What you are asked to do:
Your reply should be the records below, duplicated exactly, with any picture removed.

Stored data entries:
*-*-*

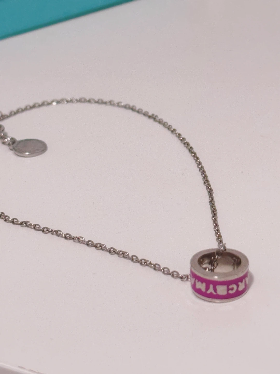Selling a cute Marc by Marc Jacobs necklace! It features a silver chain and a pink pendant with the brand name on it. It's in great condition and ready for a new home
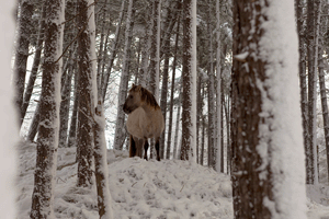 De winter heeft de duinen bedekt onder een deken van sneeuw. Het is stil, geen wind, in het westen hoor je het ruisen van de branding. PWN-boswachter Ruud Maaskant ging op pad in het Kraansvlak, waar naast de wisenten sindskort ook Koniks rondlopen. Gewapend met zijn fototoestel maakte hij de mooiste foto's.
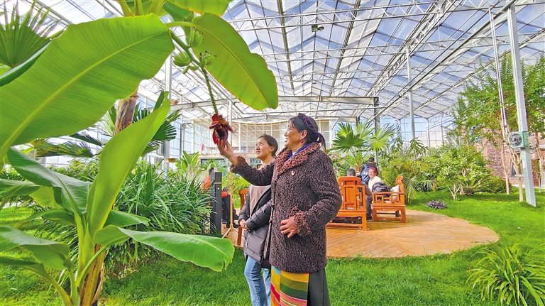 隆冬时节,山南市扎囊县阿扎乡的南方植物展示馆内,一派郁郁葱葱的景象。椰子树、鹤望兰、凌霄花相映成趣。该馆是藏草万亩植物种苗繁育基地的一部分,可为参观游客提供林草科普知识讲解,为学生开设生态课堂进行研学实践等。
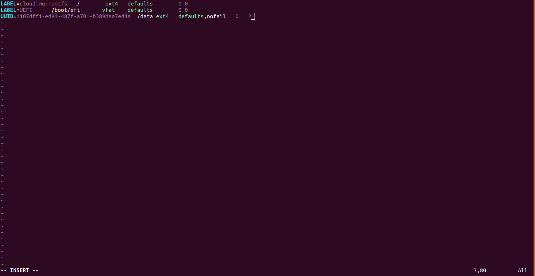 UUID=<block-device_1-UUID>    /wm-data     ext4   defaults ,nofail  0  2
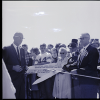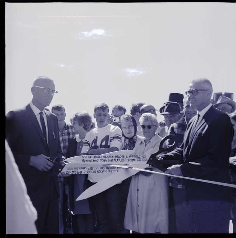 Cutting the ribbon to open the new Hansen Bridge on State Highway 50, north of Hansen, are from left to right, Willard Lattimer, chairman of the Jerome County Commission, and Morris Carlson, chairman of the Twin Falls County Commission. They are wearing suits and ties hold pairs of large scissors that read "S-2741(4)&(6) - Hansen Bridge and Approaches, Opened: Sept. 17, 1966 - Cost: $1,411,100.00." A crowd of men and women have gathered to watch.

*-*-*

Task answer:
Selling a cute Marc by Marc Jacobs necklace! It features a silver chain and a pink pendant with the brand name on it. It's in great condition and ready for a new home
 De winter heeft de duinen bedekt onder een deken van sneeuw. Het is stil, geen wind, in het westen hoor je het ruisen van de branding. PWN-boswachter Ruud Maaskant ging op pad in het Kraansvlak, waar naast de wisenten sindskort ook Koniks rondlopen. Gewapend met zijn fototoestel maakte hij de mooiste foto's.
 隆冬时节,山南市扎囊县阿扎乡的南方植物展示馆内,一派郁郁葱葱的景象。椰子树、鹤望兰、凌霄花相映成趣。该馆是藏草万亩植物种苗繁育基地的一部分,可为参观游客提供林草科普知识讲解,为学生开设生态课堂进行研学实践等。
 UUID=<block-device_1-UUID>    /wm-data     ext4   defaults ,nofail  0  2
 Cutting the ribbon to open the new Hansen Bridge on State Highway 50, north of Hansen, are from left to right, Willard Lattimer, chairman of the Jerome County Commission, and Morris Carlson, chairman of the Twin Falls County Commission. They are wearing suits and ties hold pairs of large scissors that read "S-2741(4)&(6) - Hansen Bridge and Approaches, Opened: Sept. 17, 1966 - Cost: $1,411,100.00." A crowd of men and women have gathered to watch.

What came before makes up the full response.